Data entries
^^^^^^^^^^^^^^^^

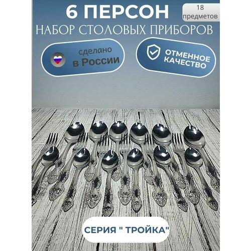 Набор столовых приборов "тройка" на 6 персон. Серия Тройка - это наиболее известная и популярная модель Павловского завода столовых приборов. В рисунке чеканки использованы элементы стиля барокко. Декоративные ручки столовых приборов выполнены методом штампованной чеканки, что говорит об уникальности производства, поскольку сталь, в отличие от мельхиора, сложно поддается каким-либо видам деформации.
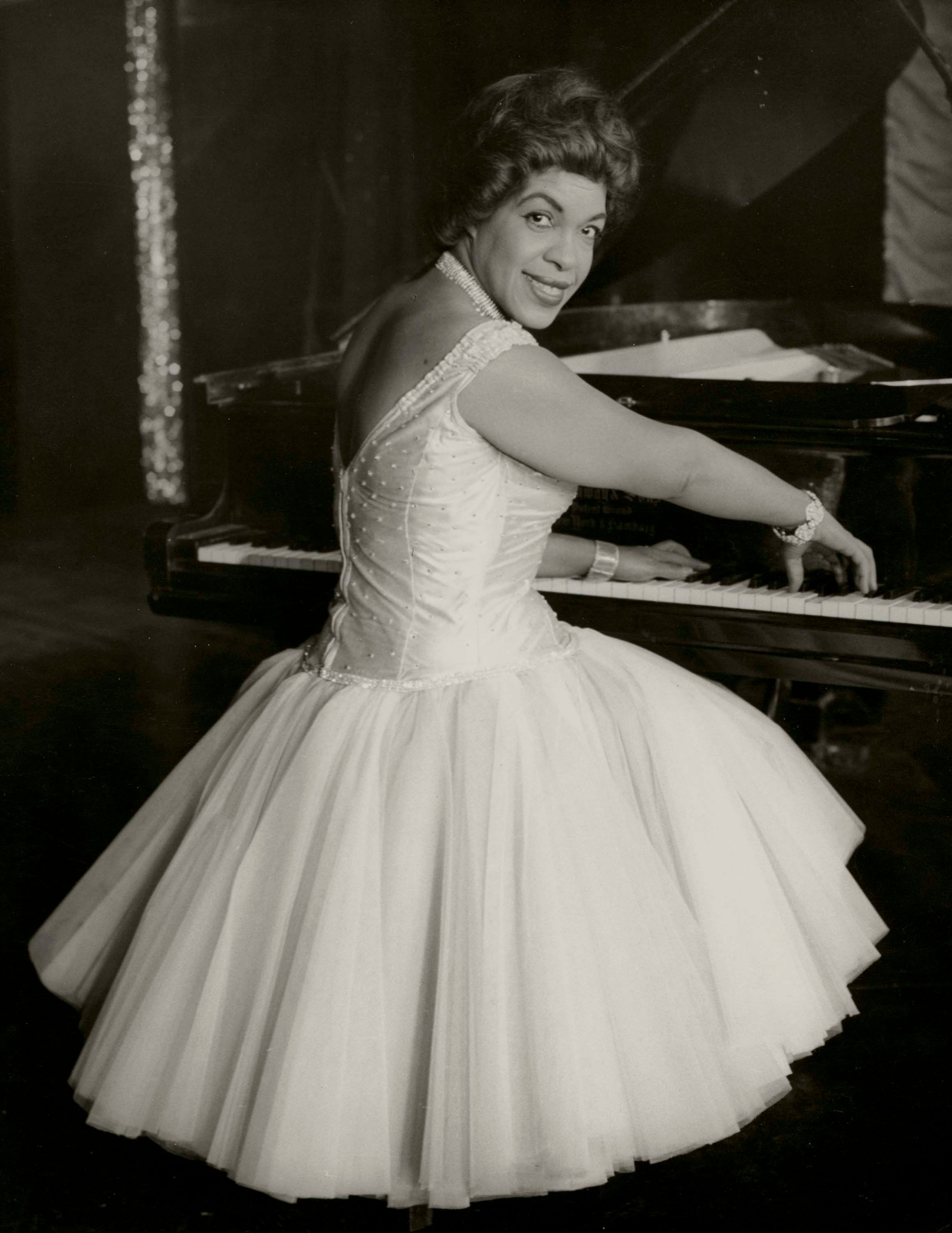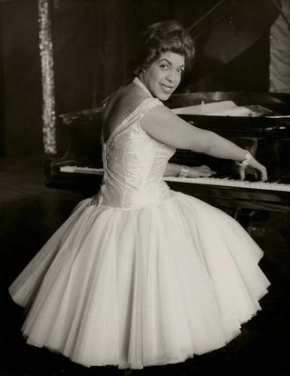 Publicity shot of Winifred Atwell seated at the piano and turning to face the camera, date unknown.
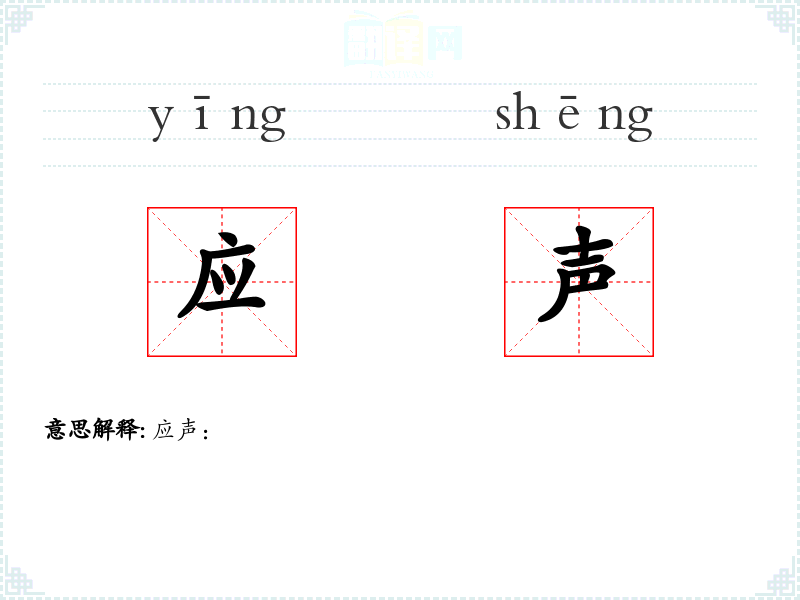 - 词源:应声一词源于古代汉语,字面意思即为“回应声音”。
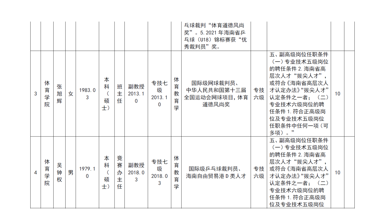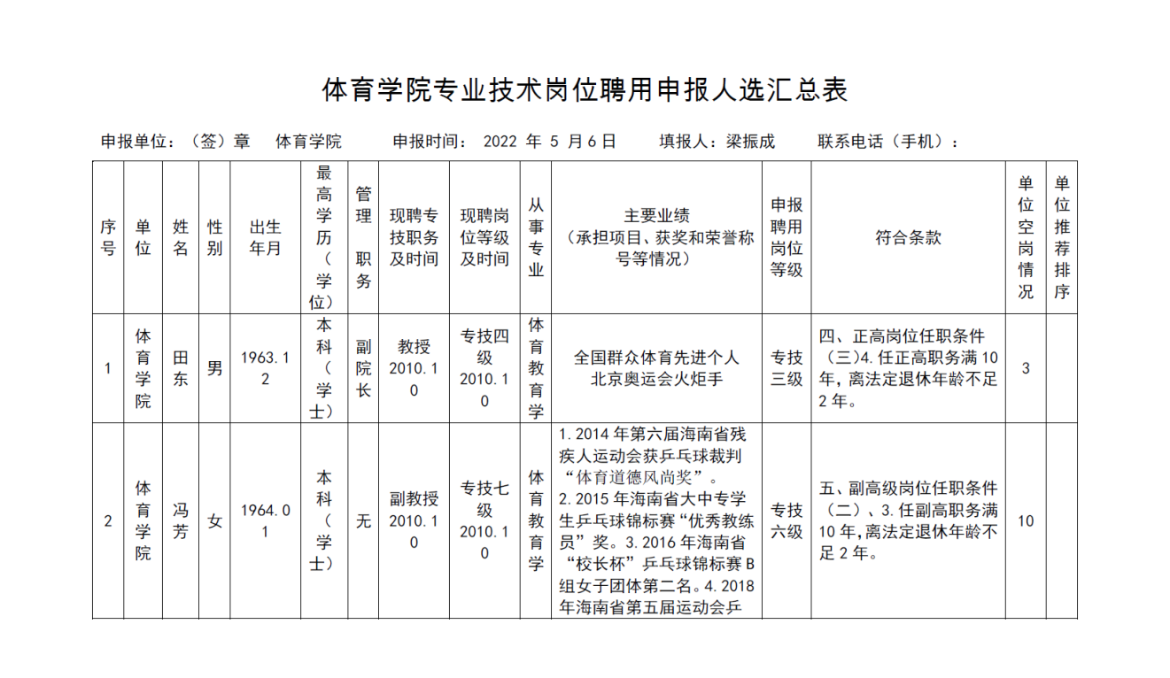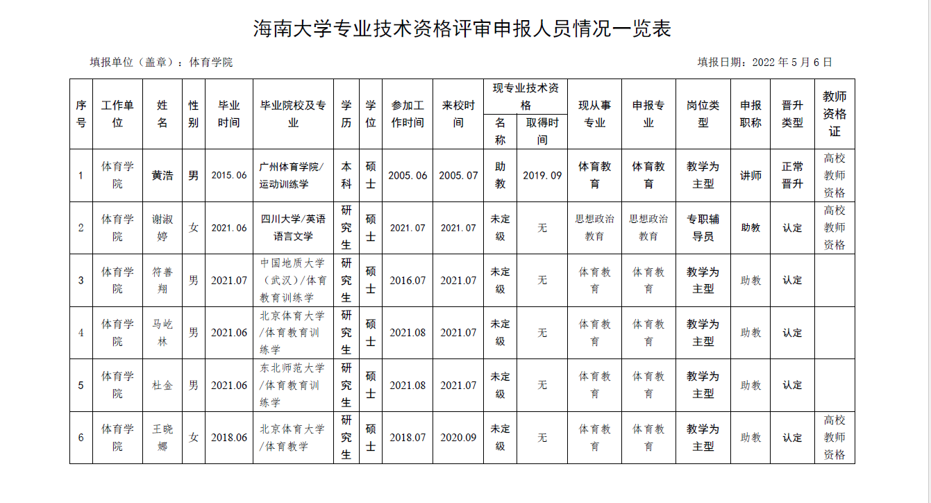 根据《海南省人力资源和社会保障厅关于我省事业单位岗位设置管理有关问题的通知》(琼人社发[2013]54号),《海南大学岗位设置及聘用方案(修订)》(海大[2020]103号)等相关要求,由教职工本人申请,共有6名教师提出2022年度专业岗位聘用申请、10名教师提出专业技术评审和认定申请, 学院基层评审委员会审核,并票决全部通过。具体名单如下:
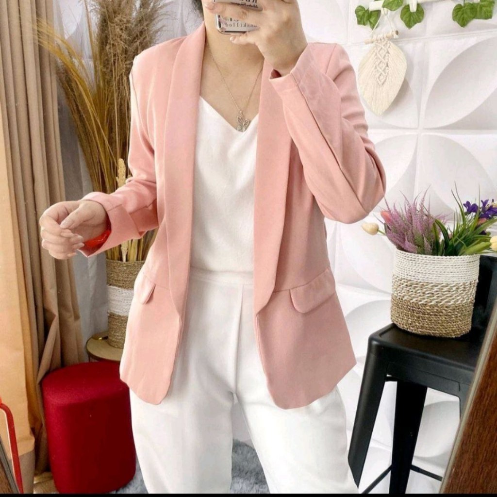 HAWEKINS BLAZER WANITA KERAH LURUS ELEVATED VIE BABY PINK
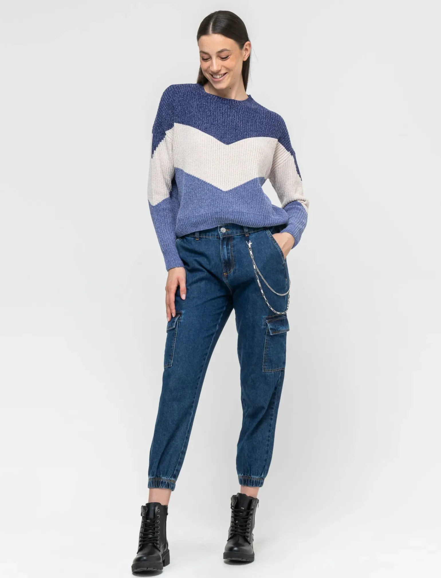 Maglia a righe larghe donna in ciniglia, perfetta per un look casual e trendy. Il modello girocollo con manica a t dona un tocco di originalità, mentre la lavorazione a righe larghe aggiunge un tocco di stile. La vestibilità comoda e i polsi a costine elastiche garantiscono comfort e praticità. Ideale per un outfit versatile e alla moda. Il prodotto è di colore var 3
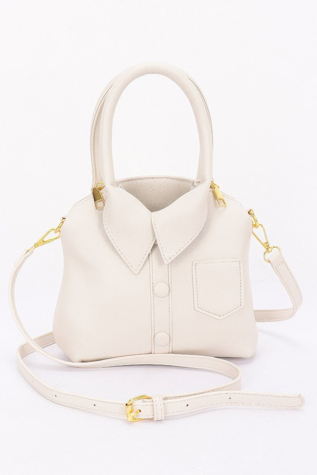 Add a touch of elegance and sophistication to your accessory collection with the Faux Leather Shirt Style Top Handle Bag. Order now and experience luxury with every carry!
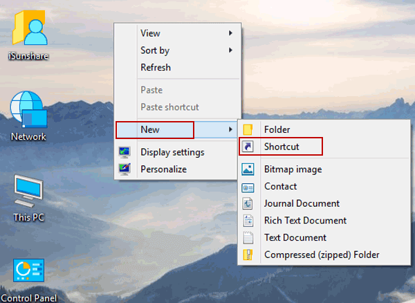 步驟1:右鍵單擊桌面上的空白區域,指向新的在上下文菜單中,選擇捷徑在子列表中打開新快捷方式。
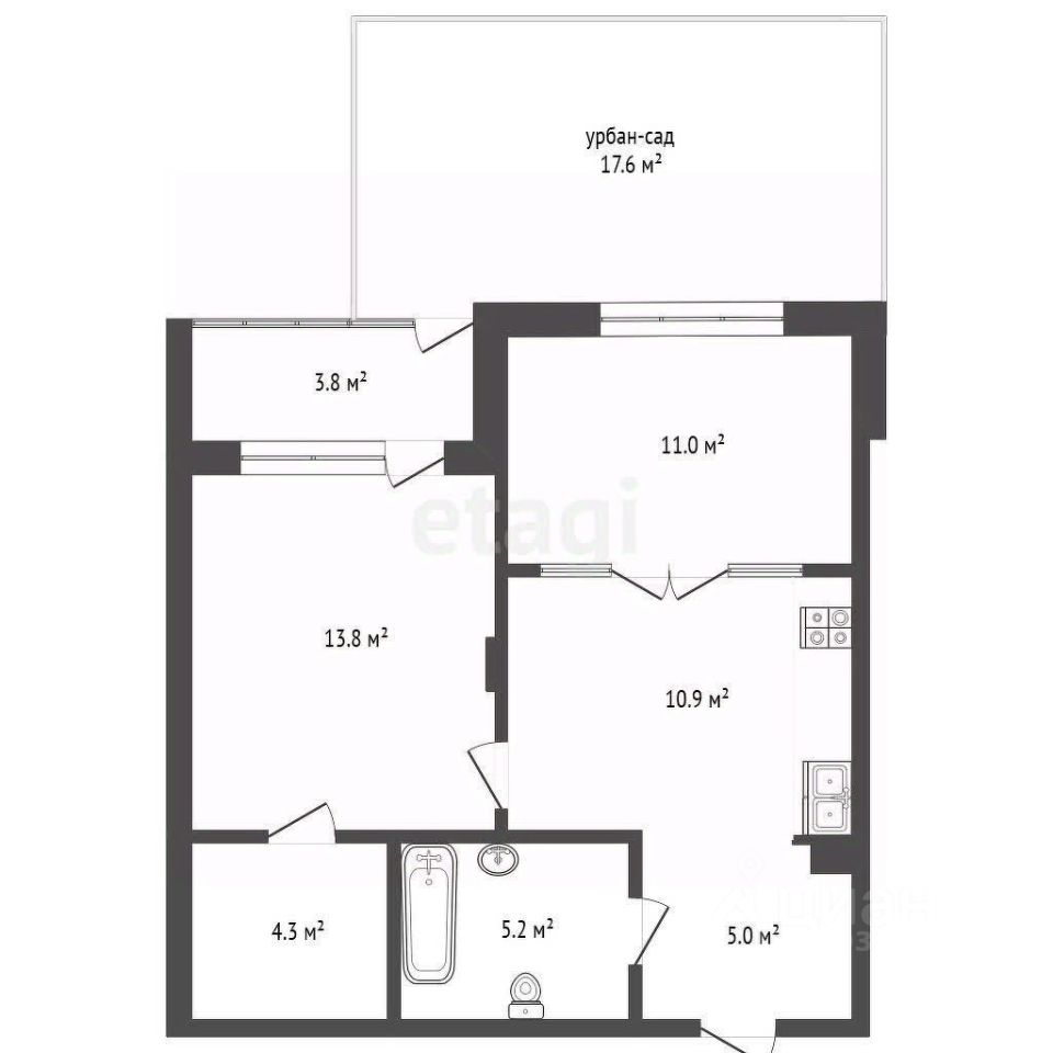 Площадь: 51.99 кв.м. + урбан-сад 17 кв.м.

^^^^^^^^^^^^^^^^

(Task)
Quote each entry above verbatim and drop the pictures.

(Task solution)
 Набор столовых приборов "тройка" на 6 персон. Серия Тройка - это наиболее известная и популярная модель Павловского завода столовых приборов. В рисунке чеканки использованы элементы стиля барокко. Декоративные ручки столовых приборов выполнены методом штампованной чеканки, что говорит об уникальности производства, поскольку сталь, в отличие от мельхиора, сложно поддается каким-либо видам деформации.
 Publicity shot of Winifred Atwell seated at the piano and turning to face the camera, date unknown.
 - 词源:应声一词源于古代汉语,字面意思即为“回应声音”。
 根据《海南省人力资源和社会保障厅关于我省事业单位岗位设置管理有关问题的通知》(琼人社发[2013]54号),《海南大学岗位设置及聘用方案(修订)》(海大[2020]103号)等相关要求,由教职工本人申请,共有6名教师提出2022年度专业岗位聘用申请、10名教师提出专业技术评审和认定申请, 学院基层评审委员会审核,并票决全部通过。具体名单如下:
 HAWEKINS BLAZER WANITA KERAH LURUS ELEVATED VIE BABY PINK
 Maglia a righe larghe donna in ciniglia, perfetta per un look casual e trendy. Il modello girocollo con manica a t dona un tocco di originalità, mentre la lavorazione a righe larghe aggiunge un tocco di stile. La vestibilità comoda e i polsi a costine elastiche garantiscono comfort e praticità. Ideale per un outfit versatile e alla moda. Il prodotto è di colore var 3
 Add a touch of elegance and sophistication to your accessory collection with the Faux Leather Shirt Style Top Handle Bag. Order now and experience luxury with every carry!
 步驟1:右鍵單擊桌面上的空白區域,指向新的在上下文菜單中,選擇捷徑在子列表中打開新快捷方式。
 Площадь: 51.99 кв.м. + урбан-сад 17 кв.м.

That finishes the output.